Everything in the listing below from the line containing "Title (ebay affiliate" through the line containing "繆斯秘語.胸前挖空露溝貼身包臀超短裙擺秘書裝【T褲+紅上衣+黑裙】" must be repeated exactly; the remaining lines are not wanted.

--------

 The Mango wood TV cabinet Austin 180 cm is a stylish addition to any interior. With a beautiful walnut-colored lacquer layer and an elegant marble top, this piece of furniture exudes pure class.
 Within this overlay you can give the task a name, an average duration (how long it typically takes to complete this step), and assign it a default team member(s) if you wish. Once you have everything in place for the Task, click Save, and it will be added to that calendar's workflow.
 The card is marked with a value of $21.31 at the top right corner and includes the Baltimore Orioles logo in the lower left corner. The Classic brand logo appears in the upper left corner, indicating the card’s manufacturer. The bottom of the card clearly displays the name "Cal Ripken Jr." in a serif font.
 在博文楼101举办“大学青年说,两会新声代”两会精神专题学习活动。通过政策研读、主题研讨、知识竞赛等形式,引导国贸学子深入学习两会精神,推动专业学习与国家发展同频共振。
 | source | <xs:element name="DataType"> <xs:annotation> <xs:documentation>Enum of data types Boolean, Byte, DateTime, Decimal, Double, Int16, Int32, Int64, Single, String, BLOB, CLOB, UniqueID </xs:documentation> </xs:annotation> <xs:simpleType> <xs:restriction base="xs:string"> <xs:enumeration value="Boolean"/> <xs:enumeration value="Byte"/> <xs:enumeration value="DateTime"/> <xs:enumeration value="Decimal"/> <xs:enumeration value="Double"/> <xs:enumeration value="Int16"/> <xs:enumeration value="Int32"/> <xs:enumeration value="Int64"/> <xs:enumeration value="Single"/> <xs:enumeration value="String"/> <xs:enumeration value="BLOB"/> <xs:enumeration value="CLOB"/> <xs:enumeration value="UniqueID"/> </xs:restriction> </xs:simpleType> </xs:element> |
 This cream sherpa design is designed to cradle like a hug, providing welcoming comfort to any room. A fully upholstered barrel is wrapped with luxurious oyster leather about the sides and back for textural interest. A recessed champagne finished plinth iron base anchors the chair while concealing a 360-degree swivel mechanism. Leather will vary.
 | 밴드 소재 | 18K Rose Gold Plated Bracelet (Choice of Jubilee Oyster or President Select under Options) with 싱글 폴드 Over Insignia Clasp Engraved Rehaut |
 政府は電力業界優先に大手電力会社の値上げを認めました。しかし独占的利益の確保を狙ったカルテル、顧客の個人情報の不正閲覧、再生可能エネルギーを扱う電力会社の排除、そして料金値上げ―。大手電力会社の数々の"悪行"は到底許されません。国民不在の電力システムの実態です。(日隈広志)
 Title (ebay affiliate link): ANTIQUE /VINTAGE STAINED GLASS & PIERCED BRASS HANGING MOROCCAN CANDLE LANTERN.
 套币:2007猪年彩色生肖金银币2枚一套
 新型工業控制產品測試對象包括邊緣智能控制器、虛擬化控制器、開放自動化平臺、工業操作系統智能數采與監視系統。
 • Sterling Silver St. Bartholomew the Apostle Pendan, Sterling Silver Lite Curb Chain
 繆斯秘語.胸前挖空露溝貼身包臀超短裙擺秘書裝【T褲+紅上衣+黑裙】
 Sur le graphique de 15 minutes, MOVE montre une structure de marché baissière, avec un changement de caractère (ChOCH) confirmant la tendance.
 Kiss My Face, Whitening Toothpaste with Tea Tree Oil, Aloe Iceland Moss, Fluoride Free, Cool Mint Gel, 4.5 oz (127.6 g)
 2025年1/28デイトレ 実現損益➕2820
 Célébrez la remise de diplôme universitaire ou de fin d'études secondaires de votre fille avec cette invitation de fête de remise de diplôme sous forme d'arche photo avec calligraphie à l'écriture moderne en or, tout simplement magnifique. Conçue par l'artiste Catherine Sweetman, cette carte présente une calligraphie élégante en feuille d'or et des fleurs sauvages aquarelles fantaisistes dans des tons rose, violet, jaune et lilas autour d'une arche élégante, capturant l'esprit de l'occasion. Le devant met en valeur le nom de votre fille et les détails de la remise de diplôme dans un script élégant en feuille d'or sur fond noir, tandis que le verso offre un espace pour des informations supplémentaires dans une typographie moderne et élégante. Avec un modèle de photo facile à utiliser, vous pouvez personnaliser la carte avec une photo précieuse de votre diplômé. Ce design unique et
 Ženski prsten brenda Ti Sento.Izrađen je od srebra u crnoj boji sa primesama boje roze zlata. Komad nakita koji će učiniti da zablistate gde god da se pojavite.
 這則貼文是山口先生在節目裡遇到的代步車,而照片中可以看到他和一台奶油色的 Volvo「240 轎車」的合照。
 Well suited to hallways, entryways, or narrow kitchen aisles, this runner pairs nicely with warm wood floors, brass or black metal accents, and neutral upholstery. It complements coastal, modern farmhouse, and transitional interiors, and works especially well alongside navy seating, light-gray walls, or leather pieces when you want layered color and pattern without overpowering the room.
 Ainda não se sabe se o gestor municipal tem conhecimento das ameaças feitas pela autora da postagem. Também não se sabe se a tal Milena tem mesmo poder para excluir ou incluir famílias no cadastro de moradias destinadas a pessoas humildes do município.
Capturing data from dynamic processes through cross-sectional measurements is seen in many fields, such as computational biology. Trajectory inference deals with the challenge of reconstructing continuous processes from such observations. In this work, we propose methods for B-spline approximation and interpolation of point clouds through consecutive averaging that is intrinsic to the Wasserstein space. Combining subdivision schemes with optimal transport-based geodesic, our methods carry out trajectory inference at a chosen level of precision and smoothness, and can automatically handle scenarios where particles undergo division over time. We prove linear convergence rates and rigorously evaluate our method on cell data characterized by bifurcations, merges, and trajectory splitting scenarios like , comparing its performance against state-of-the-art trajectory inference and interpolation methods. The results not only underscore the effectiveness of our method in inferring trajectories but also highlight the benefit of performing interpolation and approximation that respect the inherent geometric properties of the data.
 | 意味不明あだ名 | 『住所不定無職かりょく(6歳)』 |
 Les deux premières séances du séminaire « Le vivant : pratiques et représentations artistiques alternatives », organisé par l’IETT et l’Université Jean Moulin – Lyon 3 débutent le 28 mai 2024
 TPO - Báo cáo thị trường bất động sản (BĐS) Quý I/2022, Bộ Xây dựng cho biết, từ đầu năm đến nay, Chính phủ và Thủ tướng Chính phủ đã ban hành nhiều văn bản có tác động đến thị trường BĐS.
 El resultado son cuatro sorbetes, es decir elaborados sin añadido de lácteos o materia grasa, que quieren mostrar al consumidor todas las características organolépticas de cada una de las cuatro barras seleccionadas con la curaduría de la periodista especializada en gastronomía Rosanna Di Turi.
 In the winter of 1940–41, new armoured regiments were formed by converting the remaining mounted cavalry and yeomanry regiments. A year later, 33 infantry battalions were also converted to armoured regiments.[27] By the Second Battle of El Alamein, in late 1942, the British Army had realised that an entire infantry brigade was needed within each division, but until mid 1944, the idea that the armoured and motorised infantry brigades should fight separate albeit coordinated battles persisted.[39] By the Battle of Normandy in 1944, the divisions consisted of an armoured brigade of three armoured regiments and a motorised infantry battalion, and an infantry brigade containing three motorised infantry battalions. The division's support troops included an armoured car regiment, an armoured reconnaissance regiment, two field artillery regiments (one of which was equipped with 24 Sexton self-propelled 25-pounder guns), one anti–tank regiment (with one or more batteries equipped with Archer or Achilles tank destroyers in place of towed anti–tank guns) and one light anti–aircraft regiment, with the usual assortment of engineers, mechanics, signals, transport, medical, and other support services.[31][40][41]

--------

[ANSWER AREA]:
 Title (ebay affiliate link): ANTIQUE /VINTAGE STAINED GLASS & PIERCED BRASS HANGING MOROCCAN CANDLE LANTERN.
 套币:2007猪年彩色生肖金银币2枚一套
 新型工業控制產品測試對象包括邊緣智能控制器、虛擬化控制器、開放自動化平臺、工業操作系統智能數采與監視系統。
 • Sterling Silver St. Bartholomew the Apostle Pendan, Sterling Silver Lite Curb Chain
 繆斯秘語.胸前挖空露溝貼身包臀超短裙擺秘書裝【T褲+紅上衣+黑裙】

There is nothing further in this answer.